I remember an old lady saying that low-income people in her day survived on a diet that included large amounts of “sweet water”. They were strong and lived to ripe old ages with few health problems – probably because they balanced the sugar with hard, physical work and high-fibre foods like local root crops.

Nowadays we gravitate towards imported, refined, low-fibre foods which not only increase our weight, but also our use of foreign exchange. And of course we suffer from lack of exercise. Despite all the gadgets like “fitbits” to encourage us, we don’t seem to be seeing a positive result.

The sweet drink tax apparently hasn’t worked, so Sir Trevor Hassell has recommended doubling it. But if I know Bajans, this won’t deter them one bit. They’ll complain about the prices of necessities like water and wholesome foods like milk, root crops and vegetables, but they’ll pay whatever is demanded for soft drinks, fancy alcoholic beverages and so on.

In any case, Senator Sir Henry Fraser has often demonstrated you can eat healthily on a small budget. But we just can’t get our priorities right – with diet or anything else.

The Coca-Cola formula can’t be altered except perhaps by lobbying the parent company, and we constantly hear that some sugar substitute which was deemed safe is now killing us. So why not create new drinks with a lesser sugar content and lower the sugar content of the present ones?

We don’t have to announce it from the rooftops orcut the sugar content in one fell swoop. Just as police wouldn’t go into a drug area to make a “bust” with sirens blaring. At least one company has started to reduce sugar in a juice drink, with a very pleasing result. Our taste buds will adapt.
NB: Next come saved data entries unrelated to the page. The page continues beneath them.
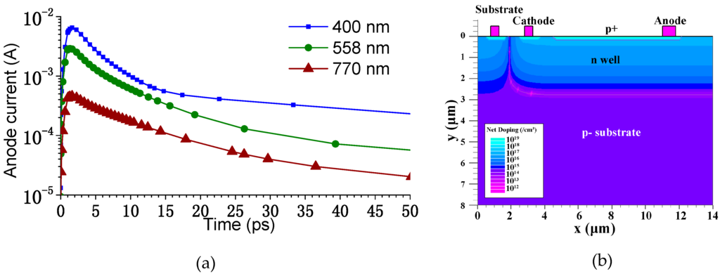 (a) The simulated transient response of the p+/n-well photodiode at three different wavelengths; (b) The structure of the photodiode used in the transient simulation.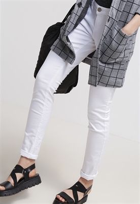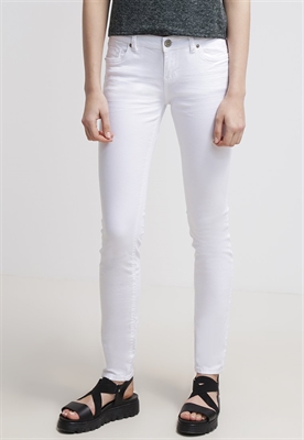 contiene partes no textiles de origen animalLargo:normalAjuste:slim fitLargo entrepierna:82 cmMaterial/composición:vaqueroModelo, altura:180 cm, lleva la talla 27x32Largo exterior de la pierna:103 cmCierre:cremallera invisibleBolsillos:traseros, lateralesEstampado:unicolorCintura:bajoMaterial exterior:98% algodón, 2% elastanoCuidados:lavar a máquina a 40 °C, no utilizar secadoraNúmero de artículo:QS121N017-A11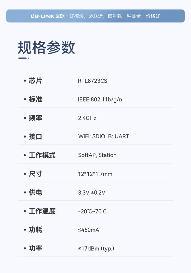 1T1R 802.11b/g/n WiFi+B4.1模组
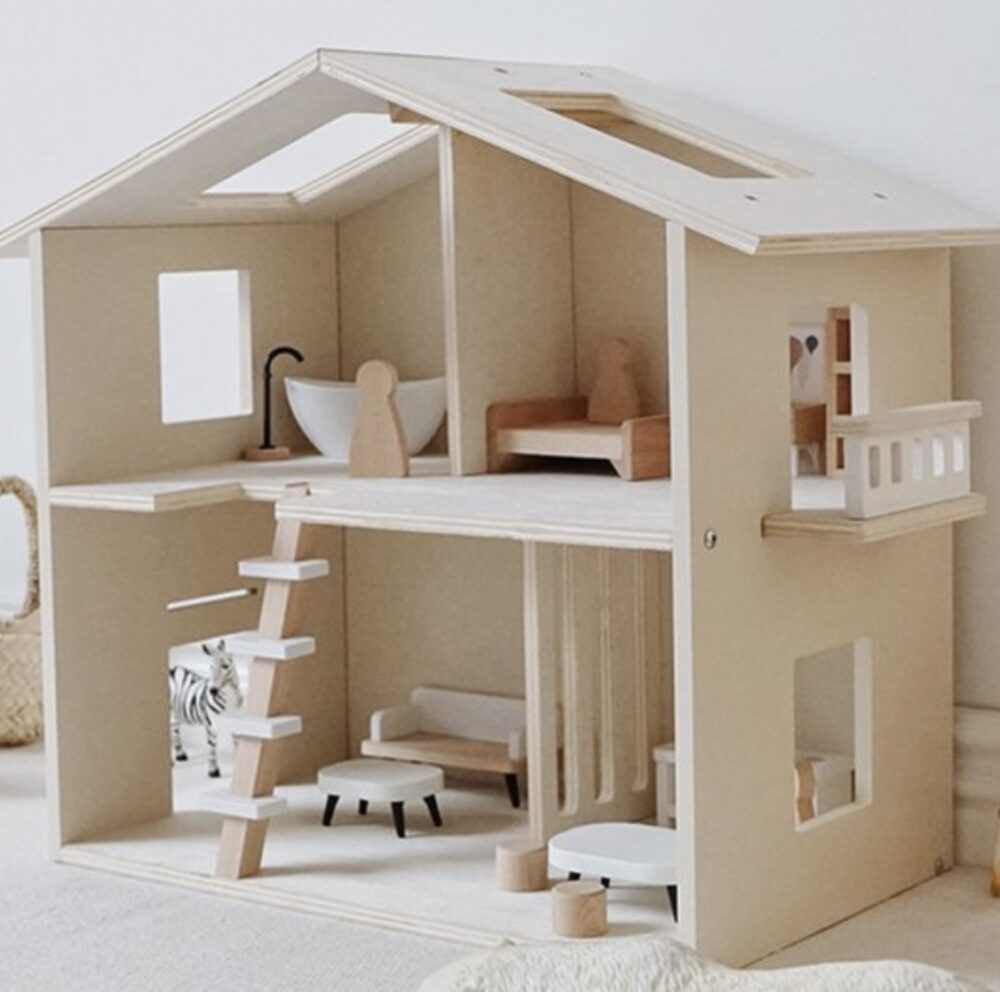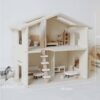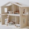 Dit poppenhuis is niet alleen leuk om mee te spelen, maar het is ook een stijlvolle toevoeging aan elke kinderkamer. Het natuurlijke houten ontwerp past goed bij verschillende interieurstijlen en creëert een warme, uitnodigende sfeer.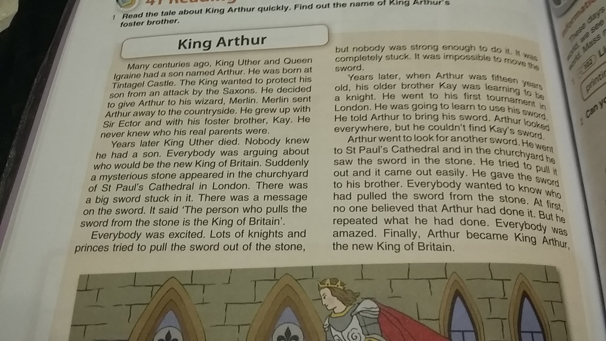 Несколько лет спустя король Утер умер. Никто не знал,что у него был сын. Все спорили о том,кто будет новым королем Англии. Вдруг таинственный камень появился в ограде собора Святого Павла в Лондон. Был большой меч застрявший в нем. Он сказал:Человек,который вытащит меч из камня, станет королем Британии"все были возбуждены. Много рыцарей,князей пытались вытащить меч из камня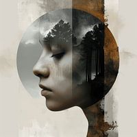 Ondergedompeld in de natuur. Double exposure (dubbele belichting), digital art portret. Een combinatie van een gezicht met een landschap zorgt voor een bijzondere uitsraling.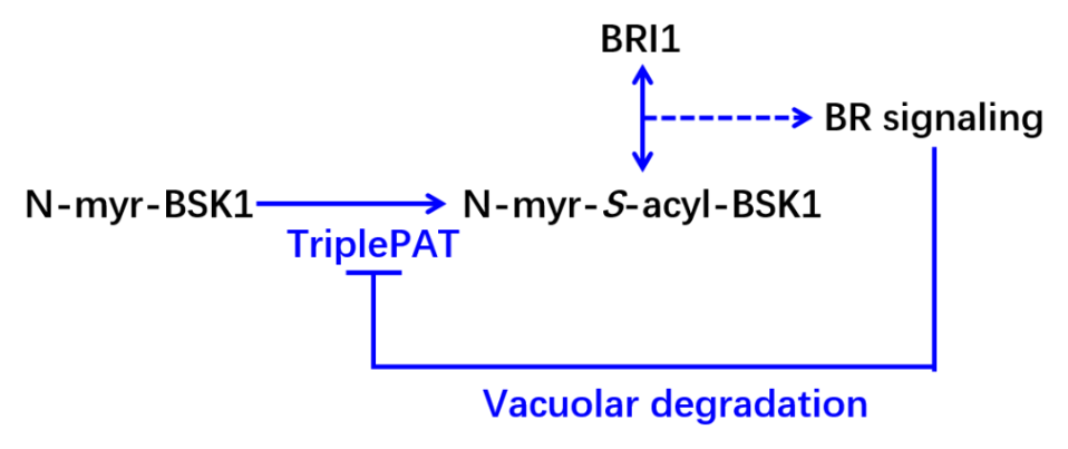 课题组进一步研究发现,C亚族棕榈酰基转移酶功能缺失,减弱了BSK1的棕榈酰化水平,抑制了BSK1与油菜素内酯受体BRI1的互作。有趣的是,BR诱导C亚族棕榈酰基转移酶从质膜向液泡的运输及降解,暗示PAT-BSK1作为BR途径中的一个负反馈模块发挥功能(图2)。

I used to put sugar my coffee but stopped some years ago. If I do happen to add sugar now, it feels strange. Some manufacturers have successfully reduced the salt in their products. Why not sugar?
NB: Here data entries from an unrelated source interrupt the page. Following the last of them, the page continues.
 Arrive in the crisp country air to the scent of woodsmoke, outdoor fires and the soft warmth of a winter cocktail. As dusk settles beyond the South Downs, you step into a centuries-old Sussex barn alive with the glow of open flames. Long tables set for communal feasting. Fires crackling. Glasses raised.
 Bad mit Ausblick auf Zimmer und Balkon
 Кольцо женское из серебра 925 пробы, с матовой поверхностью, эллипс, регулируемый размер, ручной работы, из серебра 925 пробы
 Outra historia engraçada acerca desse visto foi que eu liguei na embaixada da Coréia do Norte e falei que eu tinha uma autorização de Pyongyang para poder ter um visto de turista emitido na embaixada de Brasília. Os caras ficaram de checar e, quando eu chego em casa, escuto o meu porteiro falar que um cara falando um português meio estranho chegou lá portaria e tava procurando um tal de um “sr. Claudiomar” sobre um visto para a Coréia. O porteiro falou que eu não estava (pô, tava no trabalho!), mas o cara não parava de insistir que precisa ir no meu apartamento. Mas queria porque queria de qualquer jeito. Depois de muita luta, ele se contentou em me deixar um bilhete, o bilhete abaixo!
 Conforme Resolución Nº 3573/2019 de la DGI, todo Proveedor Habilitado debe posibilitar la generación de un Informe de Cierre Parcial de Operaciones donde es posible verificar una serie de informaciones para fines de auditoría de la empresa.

The late Keith Laurie suggested to sweet drink companies that they use cane juice rather than imported refined sugar. He argued that most of the energy in a sugar factory is used in evaporation of juice to make sugar and then the drink companies dissolve this again to produce a liquid.

As far as I know, nothing ever came of the idea. I’ve since read that the glycaemic index of cane juice is much less than that of sugar, which would make this idea even more attractive. Just as I’m not a historian, I’m not a nutritionist, so I hope they will research this further.

• Dr Frances Chandler is a former Independent senator. Email: [email protected]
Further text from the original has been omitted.